Happily, there will be no need for the Italian public to shun Euro 2020 . Under the impossibly suave guidance of Roberto Mancini, the Azzurri are a force to be reckoned with once more.
Italy are unbeaten in 27 games, having won all 10 of their Euro 2020 qualifiers. If they get through their group stage fixtures against Turkey, Switzerland and Wales without defeat, they will equal a record 30-match unbeaten streak dating back to 1939.
After the humiliation of missing out on Russia 2018, Italy are back and looking to redeem themselves. With a favourable group and momentum behind them, they have the potential to make it to the latter stages of the tournament.
Style of play
The most notable improvement under Mancini has been in defence. Where Italy conceded 13 times in 16 matches under Ventura at a rate of 0.81 goals a game – not what’s expected from the nation that gave the world catenaccio , Paolo Maldini and Fabio Cannavaro – under Mancini they have shipped 14 in 32 at a rate of 0.44.
Despite retiring in the aftermath of Italy’s World Cup qualifying debacle, Giorgio Chiellini was called up again by Mancini and has been rejuvenated at international level. The same could be said of Leonardo Bonucci, with the pair reviving a centre-back pairing which has been a mainstay for Italy and Juventus over the years.
Mancini likes to play a 4-3-3, with Paris Saint-Germain loanee Alessandro Florenzi likely to start at right-back and one of Leonardo Spinazzola or Emerson– representing Roma and Chelsea respectively – at left-back.
Italy have generally dominated possession under Mancini, though it should be noted that they have not played many of Europe’s highest-ranked sides during his tenure.

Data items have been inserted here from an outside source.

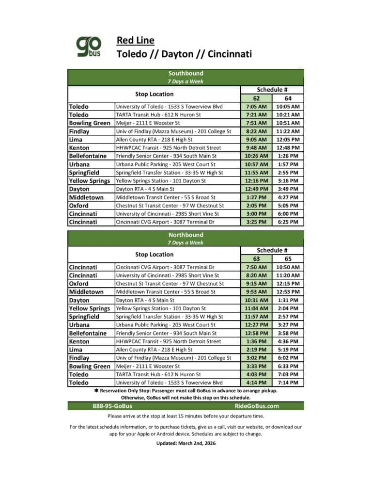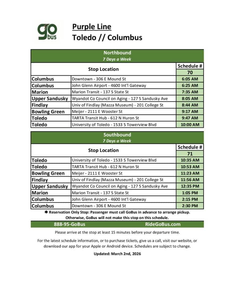 Findlay is on two separate routes – one from Columbus to Toledo (Purple) and one from Toledo to Springfield (Red). Times are available on the GoBus website.
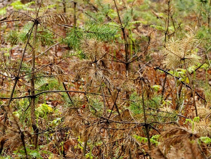 - La consommation des racines provoquent la mortalité des plants et la disparition des semis de toutes les essences. Une population importante durant plusieurs cycles peut même avoir une incidence sur des tiges assez grandes au stade fourré, gaulis, etc.
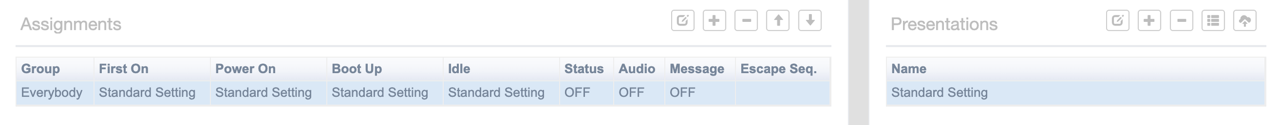 TP files can be created, edited and reviewed using "Promotion Console". In the example shown below TVs in the "Everybody" group is assigned to using the "Standard Setting" promotion content upon boot up, power on and idle, but the status of the assignment is presently off.
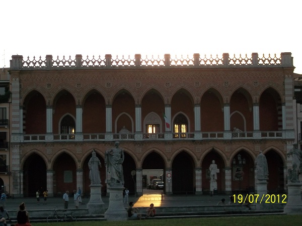 Дальше мы двинулись к самой большой площади-парку Падуи, которая находится к югу от исторического центра – Прато-делла-Валле. Ее название переводится как «луг в долине», а площадь составляет около 90000 кв.м Муж не поверил, но так говорит викепидия. Прато-делла-Валле имеет форму эллипса, окруженна каналом и двойным рядом статуй выдающихся падуанцев. На самой площади расположено большое количество старинных особняков и дворцов. Особенно красив — Лоджия Амулеа.
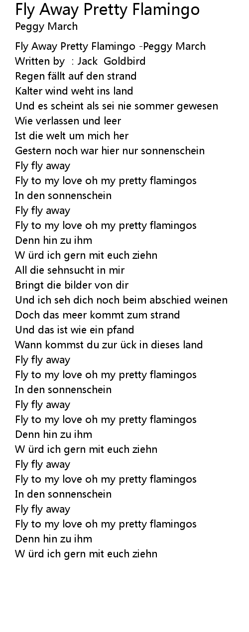| [00:00.00] | Fly Away Pretty Flamingo Peggy March |
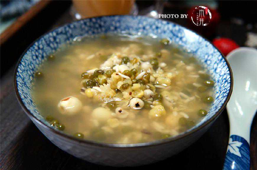 五、绿豆米酒汤绿豆汤是夏季不可缺少的降暑神器,夏天没胃口时喝一碗,爽口止渴又开胃,绿豆虽去火消暑,但它性寒,属于凉性食材,体质虚弱的人喝多了易腹泻,可以将绿豆和米酒搭配,米酒属于温性食材,能中和绿豆的寒性,这样组合起来怕寒虚弱的朋友们也可以经常喝了。
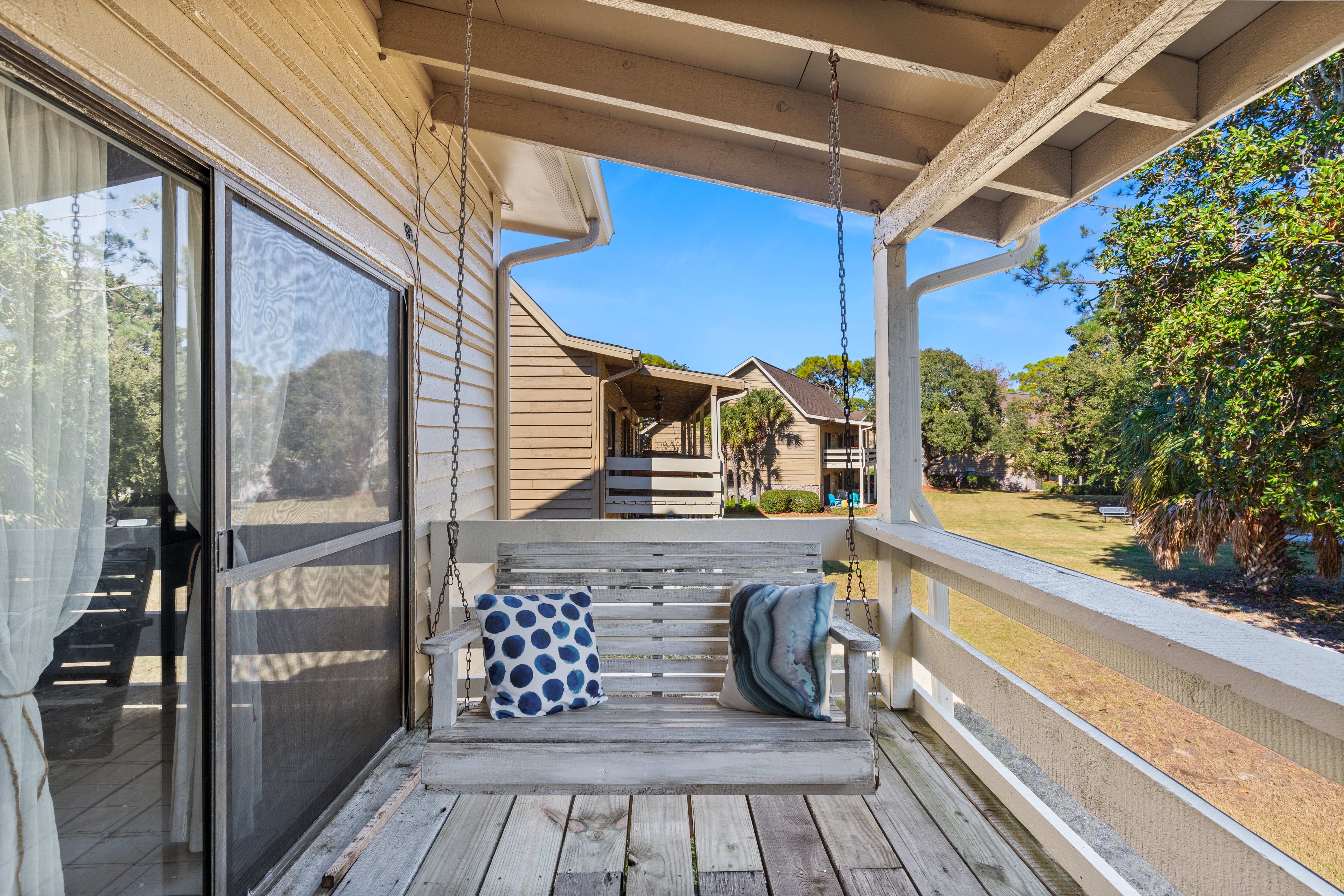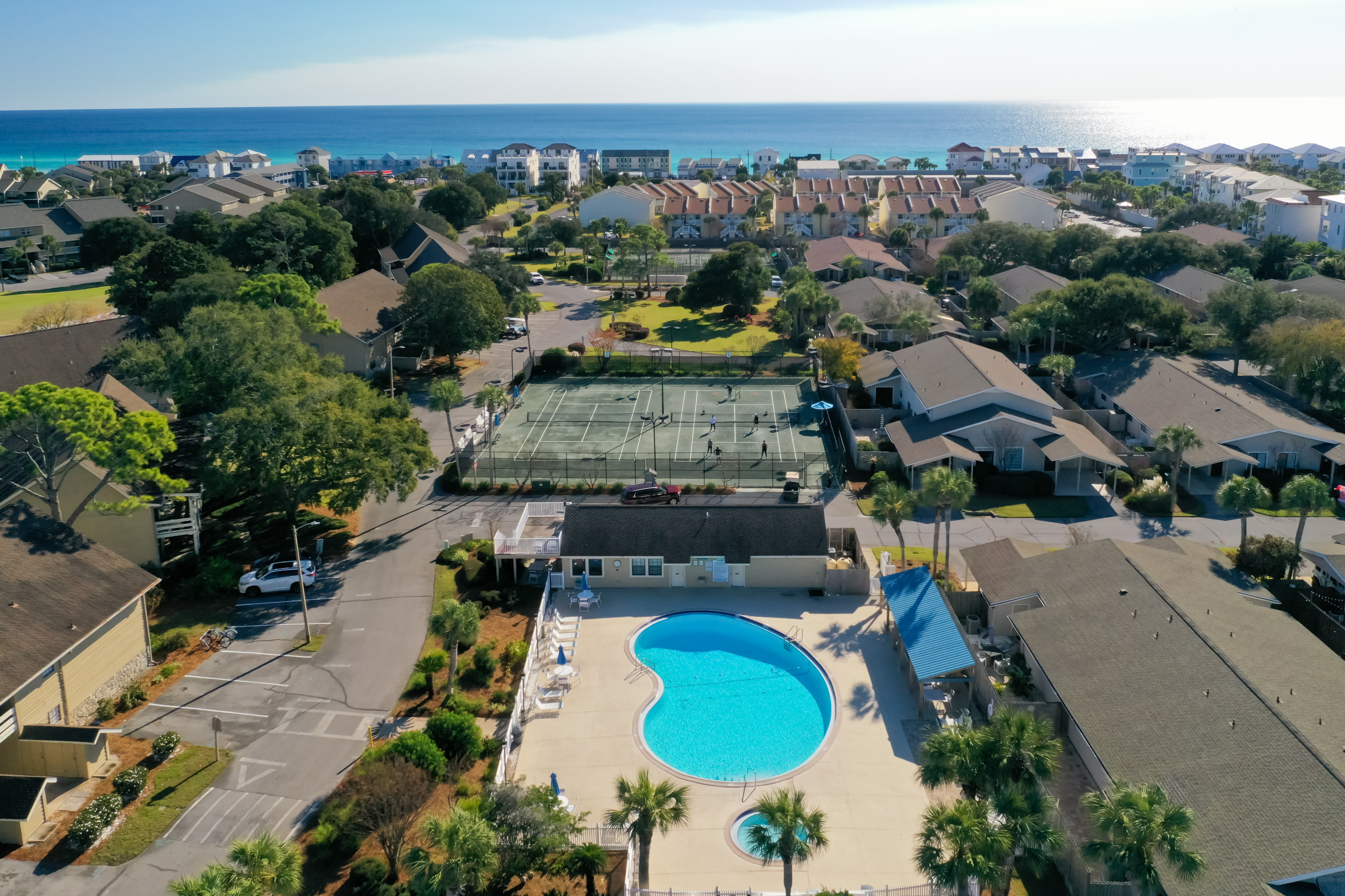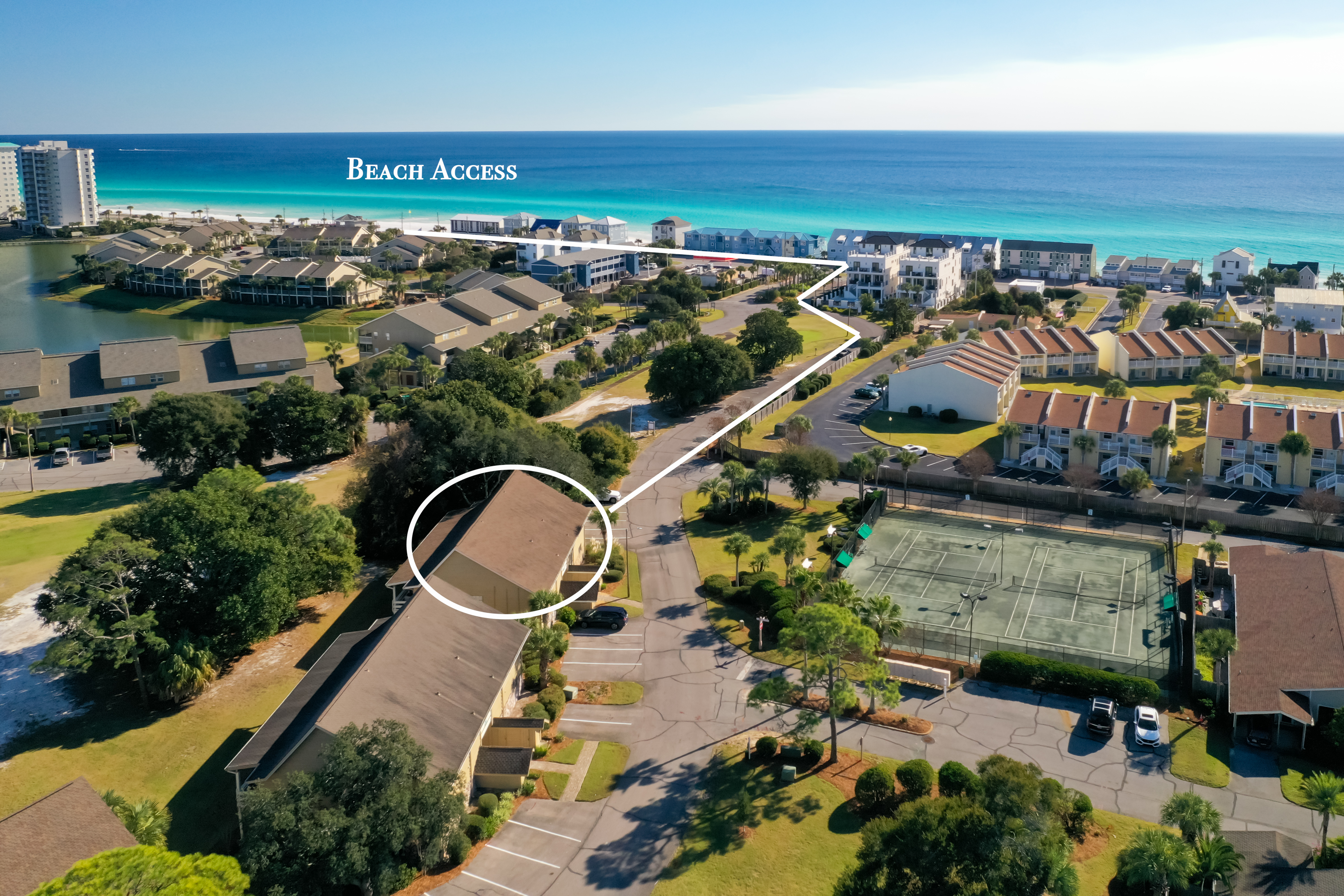 Enjoy the quiet, peaceful setting of this Golf Course Villa that is just minutes away from the beautiful white sand of Miramar Beach! The unit is completely updated with all new appliances including washer and dryer in unit. It features two bedrooms with a king size bed in the master and two twins in the guest bedroom, plus a full size pull out sleeper sofa in the living room. The high ceilings in the living and dining room add to the spacious feel to these beautiful areas with a breathtaking view of Seascape Resort. Enjoy your morning coffee or evening refreshments on the large balcony. Just a 10 minute walk and you will find yourself at the beach - with your toes in the sand. There is onsite Golf, Tennis, Pickleball, Dining, Swimming Pools, Water Sports, Arcade, Bike Rentals and the largest, pristine and privately – owned beach in the Destin/Miramar Beach, Florida area. When you book your vacation rental with 3D Beach Rentals directly, you have the option to add beach a Pak N Play. Seascape Resort is located between Destin and 30A, within close proximity to world-class shopping, dining and family entertainment.

Presuming they reach the knockout stages, it will be interesting to see how they approach games against the top teams.
While the Azzurri have a dangerous set of wide forwards in Napoli’s Lorenzo Insigne, Sassuolo’s Domenico Berardi and Juventus’ Federico Chiesa, neither Lazio forward Ciro Immobile or Torino striker Andrea Belotti have entirely proved themselves at international level. As far as Mancini is concerned, there’s no time like the present.
In 32 games under Mancini, Italy have only lost two. One of those was against France and the other against Portugal, with both taking place back in 2018.
Mancini currently has a 71.88 percent win ratio with the national team, the best of any Italy coach who has presided over more than 10 matches.
The upwards trend under Mancini is undeniable but, ultimately, Italy will be judged on their performances at major tournaments. This is his first big test , giving him a chance to show just how far the Azzurri have come under his management.
Where Italy have returned to their defensive roots over the last three years, he has done far more for the side than simply revive Bonucci and Chiellini.
With a technically proficient, well balanced midfield marshalled by Jorginho and Marco Verratti – though the latter may miss the start of the tournament with a knee injury, giving Sassuolo’s Manuel Locatelli an opening – Mancini has set up his side to dominate the ball and set their own tempo. With Inter Milan’s Nicolo Barella as the creative spark in the middle of the park, Mancini has achieved a delicate equilibrium which, so far, has worked wonders.
It’s not often that a goalkeeper gets to be the star of the show, but Gianluigi Donnarumma is a massive deal in Italy.
While he’s often in the headlines because of his on-off contractual wrangles with AC Milan – with the latest reports suggesting that he’s on the verge of signing for PSG – he’s widely seen as the heir to Gianluigi Buffon, a goalkeeping icon and national hero.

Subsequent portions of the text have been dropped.